(EXTRACTED MATERIAL)
◇ ◇ ◇
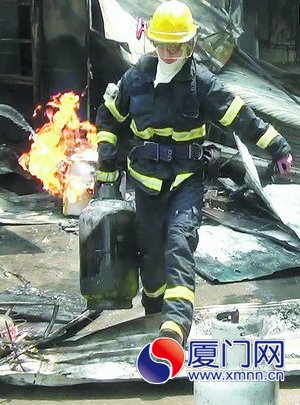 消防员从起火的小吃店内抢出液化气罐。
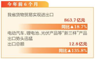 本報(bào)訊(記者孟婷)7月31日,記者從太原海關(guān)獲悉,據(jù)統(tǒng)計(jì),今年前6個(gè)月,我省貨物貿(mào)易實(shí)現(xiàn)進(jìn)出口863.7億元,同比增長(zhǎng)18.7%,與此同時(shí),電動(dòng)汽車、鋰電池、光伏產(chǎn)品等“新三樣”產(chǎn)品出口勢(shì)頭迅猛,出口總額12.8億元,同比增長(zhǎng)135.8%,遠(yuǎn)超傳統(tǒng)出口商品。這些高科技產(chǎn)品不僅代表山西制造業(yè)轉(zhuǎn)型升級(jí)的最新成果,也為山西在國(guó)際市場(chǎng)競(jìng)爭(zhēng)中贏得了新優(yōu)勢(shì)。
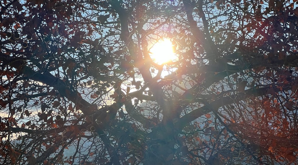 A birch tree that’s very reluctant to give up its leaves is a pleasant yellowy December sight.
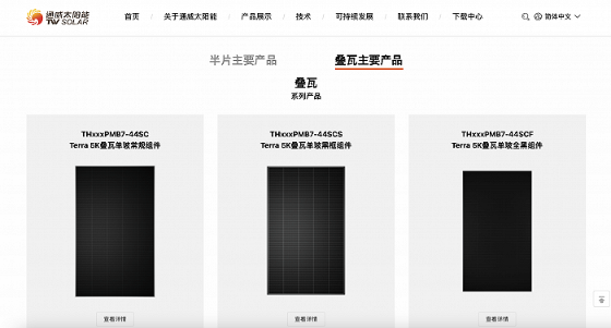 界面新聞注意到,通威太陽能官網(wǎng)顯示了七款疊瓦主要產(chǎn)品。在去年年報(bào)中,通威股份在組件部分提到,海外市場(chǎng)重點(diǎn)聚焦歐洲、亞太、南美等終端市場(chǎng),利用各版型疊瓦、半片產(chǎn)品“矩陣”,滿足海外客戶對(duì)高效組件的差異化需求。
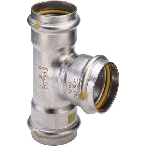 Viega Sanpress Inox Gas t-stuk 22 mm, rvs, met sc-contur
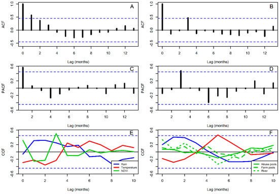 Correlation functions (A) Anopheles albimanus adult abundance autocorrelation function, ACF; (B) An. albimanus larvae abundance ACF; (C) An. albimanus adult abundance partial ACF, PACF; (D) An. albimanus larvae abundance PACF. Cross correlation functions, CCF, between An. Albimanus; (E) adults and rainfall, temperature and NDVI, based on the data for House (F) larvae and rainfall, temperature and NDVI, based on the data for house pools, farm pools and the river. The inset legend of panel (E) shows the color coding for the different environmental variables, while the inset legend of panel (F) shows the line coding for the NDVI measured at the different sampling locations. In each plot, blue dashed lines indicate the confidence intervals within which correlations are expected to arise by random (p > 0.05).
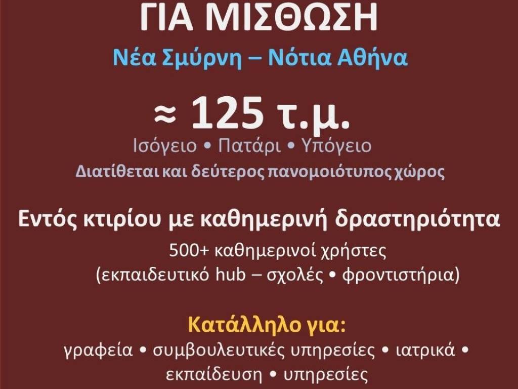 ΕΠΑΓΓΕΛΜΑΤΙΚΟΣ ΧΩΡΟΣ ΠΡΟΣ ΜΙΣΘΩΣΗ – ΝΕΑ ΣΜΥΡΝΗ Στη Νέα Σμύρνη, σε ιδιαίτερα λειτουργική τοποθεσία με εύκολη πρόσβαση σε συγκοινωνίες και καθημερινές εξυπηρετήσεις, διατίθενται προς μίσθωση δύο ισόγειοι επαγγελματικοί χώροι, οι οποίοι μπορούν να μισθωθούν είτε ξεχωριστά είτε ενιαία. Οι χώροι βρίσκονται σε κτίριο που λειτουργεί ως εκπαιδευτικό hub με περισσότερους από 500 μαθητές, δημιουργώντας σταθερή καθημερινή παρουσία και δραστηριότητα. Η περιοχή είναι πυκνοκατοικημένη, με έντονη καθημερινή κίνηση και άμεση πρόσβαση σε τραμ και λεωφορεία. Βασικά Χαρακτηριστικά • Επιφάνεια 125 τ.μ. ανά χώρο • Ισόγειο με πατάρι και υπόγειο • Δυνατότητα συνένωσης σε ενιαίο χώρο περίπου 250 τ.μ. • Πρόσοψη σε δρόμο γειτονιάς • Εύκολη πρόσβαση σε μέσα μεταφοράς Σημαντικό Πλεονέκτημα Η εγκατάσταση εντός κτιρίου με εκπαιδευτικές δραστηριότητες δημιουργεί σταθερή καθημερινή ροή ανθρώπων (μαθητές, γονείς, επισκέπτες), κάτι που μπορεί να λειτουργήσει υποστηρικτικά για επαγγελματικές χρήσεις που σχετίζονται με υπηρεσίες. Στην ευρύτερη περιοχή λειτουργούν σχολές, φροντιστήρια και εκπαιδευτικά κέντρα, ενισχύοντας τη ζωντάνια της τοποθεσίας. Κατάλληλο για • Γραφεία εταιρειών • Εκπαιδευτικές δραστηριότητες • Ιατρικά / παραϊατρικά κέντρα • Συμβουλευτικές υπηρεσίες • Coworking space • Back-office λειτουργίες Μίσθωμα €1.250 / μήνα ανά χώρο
◇ ◇ ◇
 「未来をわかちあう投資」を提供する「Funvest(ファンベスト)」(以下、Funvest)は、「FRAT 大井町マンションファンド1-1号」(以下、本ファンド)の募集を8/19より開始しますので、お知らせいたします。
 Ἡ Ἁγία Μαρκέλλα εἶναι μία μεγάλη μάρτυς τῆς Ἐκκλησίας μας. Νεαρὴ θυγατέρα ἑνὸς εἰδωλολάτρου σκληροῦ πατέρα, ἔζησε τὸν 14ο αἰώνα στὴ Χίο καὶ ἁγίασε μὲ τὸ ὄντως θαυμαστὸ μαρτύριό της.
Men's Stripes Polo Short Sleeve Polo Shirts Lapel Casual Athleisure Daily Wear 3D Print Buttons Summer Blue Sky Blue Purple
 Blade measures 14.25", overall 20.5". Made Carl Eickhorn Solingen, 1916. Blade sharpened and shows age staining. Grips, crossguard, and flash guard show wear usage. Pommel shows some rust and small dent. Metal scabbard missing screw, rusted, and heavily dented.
◇ ◇ ◇
(ACTIVITY) Reproduce the records above exactly, but only from the line with "消防员从起火的小吃店内抢出液化气罐。" up to and including the line with "Correlation functions (A)". Leave the pictures out.

(EXERCISE SOLUTION)
 消防员从起火的小吃店内抢出液化气罐。
 本報(bào)訊(記者孟婷)7月31日,記者從太原海關(guān)獲悉,據(jù)統(tǒng)計(jì),今年前6個(gè)月,我省貨物貿(mào)易實(shí)現(xiàn)進(jìn)出口863.7億元,同比增長(zhǎng)18.7%,與此同時(shí),電動(dòng)汽車、鋰電池、光伏產(chǎn)品等“新三樣”產(chǎn)品出口勢(shì)頭迅猛,出口總額12.8億元,同比增長(zhǎng)135.8%,遠(yuǎn)超傳統(tǒng)出口商品。這些高科技產(chǎn)品不僅代表山西制造業(yè)轉(zhuǎn)型升級(jí)的最新成果,也為山西在國(guó)際市場(chǎng)競(jìng)爭(zhēng)中贏得了新優(yōu)勢(shì)。
 A birch tree that’s very reluctant to give up its leaves is a pleasant yellowy December sight.
 界面新聞注意到,通威太陽能官網(wǎng)顯示了七款疊瓦主要產(chǎn)品。在去年年報(bào)中,通威股份在組件部分提到,海外市場(chǎng)重點(diǎn)聚焦歐洲、亞太、南美等終端市場(chǎng),利用各版型疊瓦、半片產(chǎn)品“矩陣”,滿足海外客戶對(duì)高效組件的差異化需求。
 Viega Sanpress Inox Gas t-stuk 22 mm, rvs, met sc-contur
 Correlation functions (A) Anopheles albimanus adult abundance autocorrelation function, ACF; (B) An. albimanus larvae abundance ACF; (C) An. albimanus adult abundance partial ACF, PACF; (D) An. albimanus larvae abundance PACF. Cross correlation functions, CCF, between An. Albimanus; (E) adults and rainfall, temperature and NDVI, based on the data for House (F) larvae and rainfall, temperature and NDVI, based on the data for house pools, farm pools and the river. The inset legend of panel (E) shows the color coding for the different environmental variables, while the inset legend of panel (F) shows the line coding for the NDVI measured at the different sampling locations. In each plot, blue dashed lines indicate the confidence intervals within which correlations are expected to arise by random (p > 0.05).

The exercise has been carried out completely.